A researcher has found a way to disable the WiFi functionality on iPhones by getting them to join a WiFi hotspot with a weird name.
This shouldn’t be happening. The first thing you learn in coding school when it comes to input (which is literally any data a device has to do something with) is to validate it. Well, maybe not the first thing, but if you want to practice secure coding it is one of the most important things: Make sure that a hacker can not abuse your application by feeding it something it can’t digest. Like a WiFi network name.
It is not the first time by the way that iPhones can be compromised by using a format string vulnerability. And I’m afraid it will not be the last.
Let’s talk iPhone
iPhones are supposedly much more secure than Android devices, but as it turns out I can disconnect your secure iPhone from any WiFi by using a simple format string vulnerability. All I would have to do is make you connect to a specific WiFi hotspot.
The magical WiFi network name (SSID) for fritzing your phone is %p%s%s%s%s%n
but since the underlying issue is almost certainly the fact that
%
is interpreted as a string format specifier, you can bet there are more possibilities to be found.
String format specifiers
In programming you sometimes have to build words and sentences you want to show the user using some information you know in advance, and some you don’t.
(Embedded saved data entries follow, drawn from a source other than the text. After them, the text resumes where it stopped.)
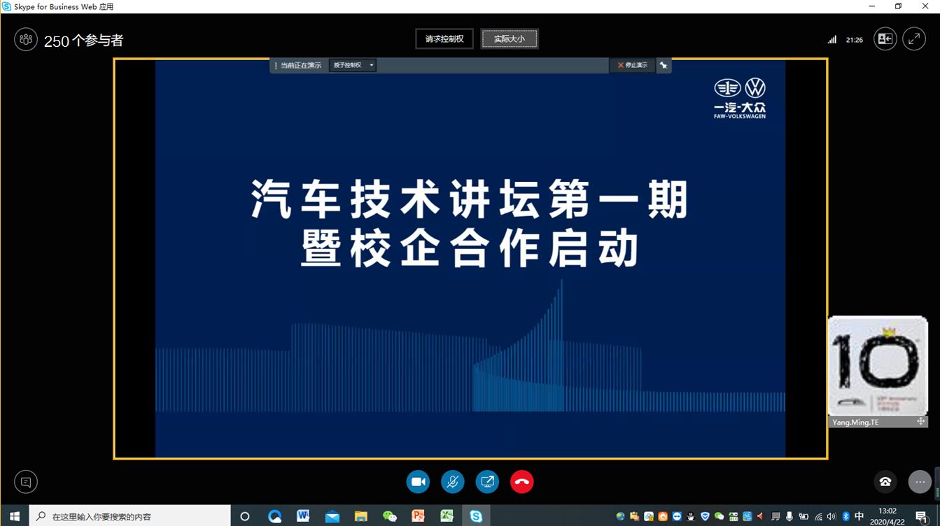 4月22日,色情网 与一汽-大众汽车有限公司合作举办的汽车技术讲坛在线上开讲。汽车仿真与控制国家重点实验室曾小华教授进行了主题为《节能与新能源汽车技术进展》的讲座。一汽-大众有限公司技术研发部李丹总监、黄杰书记,色情网 高振海院长、雷雨龙副院长参加线上启动仪式。一汽-大众有限公司技术研发部260名员工在线上参加讲座。
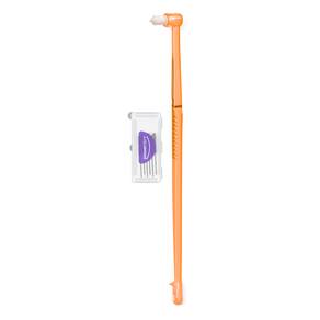 Comece a higienização com o lado interdental, inserindo delicadamente a escova no último dente inferior esquerdo. Prossiga pelo lado interno até o último dente do lado posterior ao qual iniciou. Utilize o lado de tufo único para higienizar tanto o lado interno quanto o externo dos dentes.
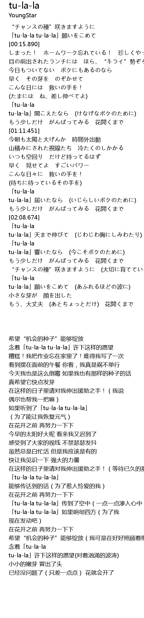 | [02:51.211] | “チャンスの種”咲きますように (大切に育てていくから) |
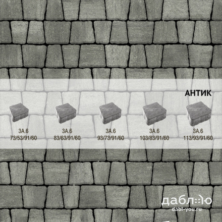 Брусчатка Выбор Антик Искусственный камень 3А.6 Шунгит. Готовое решение для любителей старины и роскоши. В одной коллекции собрана плитка пяти различных форм, что позволяет получить интересную выкладку, в том числе и круговую. Плитка создает гладкую, почти бесшовную поверхность, благодаря чему широко применяется на пешеходных площадях.Kоличество шт/м2: 138.3
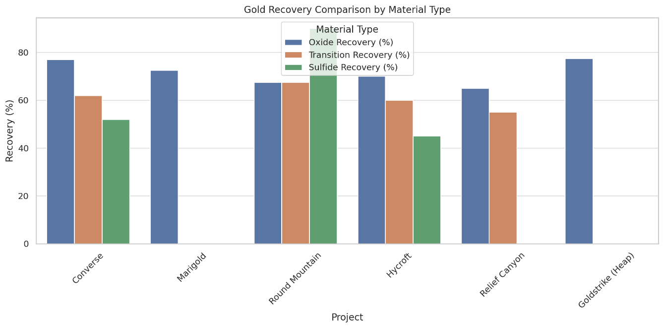 - Grind Sensitivity: Not required for oxide material; deeper sulfide zones may benefit from finer crushing in future mill scenarios.
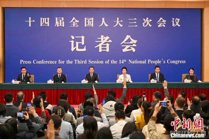 3月9日,十四届全国人大三次会议在北京梅地亚中心举行记者会,民政部部长陆治原、人力资源和社会保障部部长王晓萍、住房和城乡建设部部长倪虹、国家卫生健康委员会主任雷海潮就民政、就业和社会保障、住房、卫生健康等相关问题回答中外记者提问。 中新社记者 田雨昊 摄
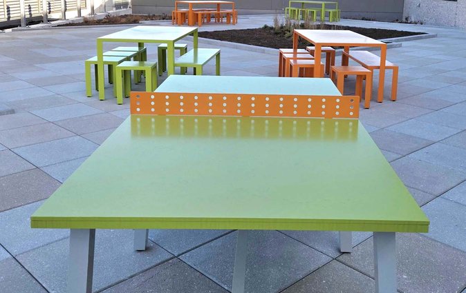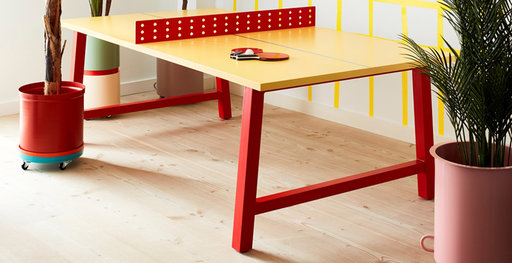 Ping-Pong is equally at home inside, enhancing interior spaces with any RAL colour combination to suit. And when it’s time to get back to business, by removing the bolt-on net, Ping-Pong transforms into a meeting table.
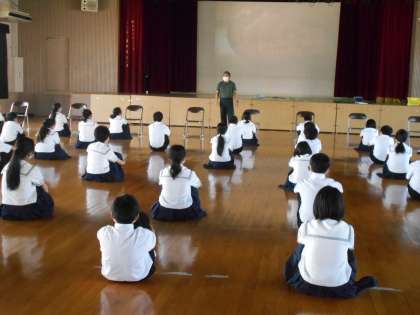 先週から始まった分散登校も、2週目を迎えました。引き続き、教科授業の様子を掲載させていただきます。下の写真は、1年生の講堂での学年集会の様子です。(学年集会も、ソーシャルディスタンスに配慮して、十分に間隔をとっての整列です。)
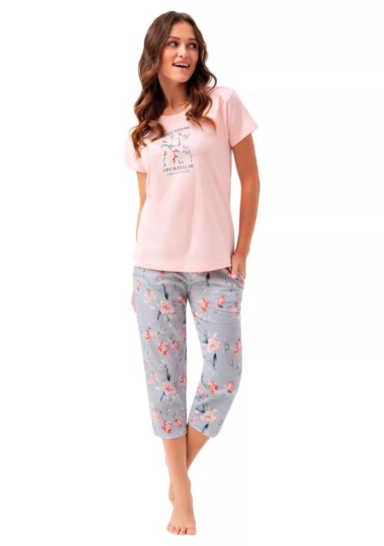 Dámské pyžamo 641/51 LUNA nabízí pohodlí a styl díky svému kulatému výstřihu a krátkým rukávům. Tričko zdobí na přední straně obrázek s nápisem STYLE NATURE, LIFE IS FULL OF organic beauty, který dodává celému modelu originální vzhled. Vzoruované capri kalhoty jsou vybaveny praktickými kapsami a širokou gumou v pase pro maximální komfort během nošení. Celé pyžamo je vyrobeno z příjemného bavlněného úpletu, což zajišťuje skvělou prodyšnost a měkkost na dotek. Složení: 100% bavlna, díky čemuž je tento kous...
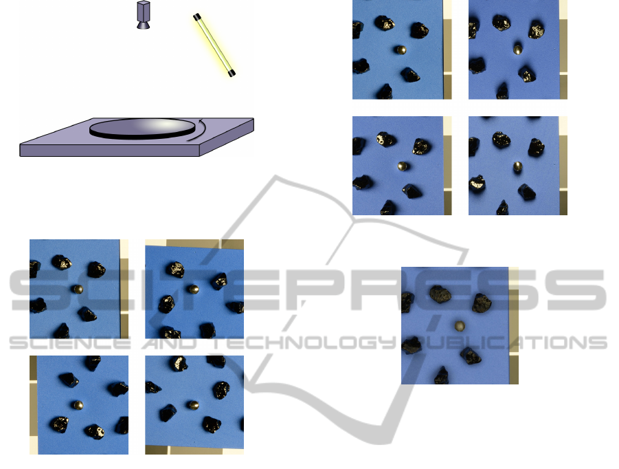 turntable and facing downwards, looking at the stones
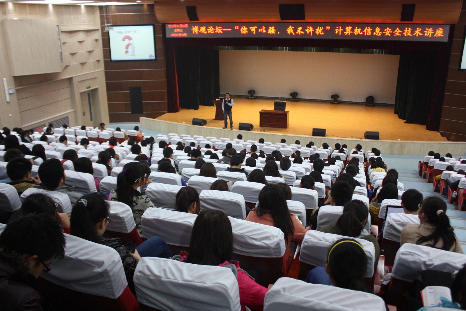 主办的博观论坛之计算机信息安全技术大家谈活动在新勇活动中心二层学生剧场举办。讲座邀请了西安电子科技大学电子工程学院胡建伟副教授,北京红亚华语科技有限公司总经理郑洪宾,技术部经理任永程为主讲嘉宾,出席活动的还有91猫先生

In C and C-style languages, string format specifiers are used. They have a special meaning and are processed as variables or commands by the printf
function.
A simple printf command might look like this:
printf("Malwarebytes %n rules", &c);
In this example %n
is a string format specifier that modifies the output. When the program prints the sentence “Malwarebytes %n rules” the
%n
will be replaced by the number of characters preceding it, so it will output:
Malwarebytes 13 rules
There are many other format specifiers that do different things. They look like a percentage sign followed by a single character that specifies the type of data, for example %
s will be replaced by a string of characters,
%d
by a number (a decimal integer), %p
by a pointer address and so on.
So you can see why an WiFi network called %p%s%s%s%s%n
might cause problems. Apple’s programmers should have ensured their code reads names like that as percent signs and letters, not as string format specifiers. It seems they didn’t.
Seriousness
I can hear you thinking, so what? I would never join a WiFi Hotspot with such a weird name. Well, maybe you wouldn’t, if you would notice that the name looks out of the ordinary. But anyone can spoof a well-known SSID and your device will happily connect to it again if it’s connected to an open SSID by that name before.
Other research has shown that the vulnerability is not only restricted to the iOS operating system, it can potentially affect the macOS operating system. The same research team found a way to construct the network name in a way that does not expose the user to the weird characters, making it look like a legitimate, existing network name.
It is not impossible that researchers will find a way to construct SSID names that can lead to remote code execution (RCE) attacks. But this will probably turn out to be too complicated since you would be limited by the maximum length of an SSID (32 characters), the limited functionality of the string format specifier, and the memory location of the format string. The format string is located on the heap which does not provide the attacker control of the pointers on stack. Which is not to say that this method could not be used in combination with other vulnerabilities.
Recovery from testing
If you couldn’t resist testing this and now you want your WiFi options back, here is how to do it. You will have to reset their iPhone network settings (Settings > General > Reset > Reset Network Settings), which will erase all your WiFi passwords. This is not a permanent fix for the issue. Any time your device is affected by the issue, you will have to reset it again.
And don’t go overboard with your testing. As this researcher has found out the reset does not work for every possible string.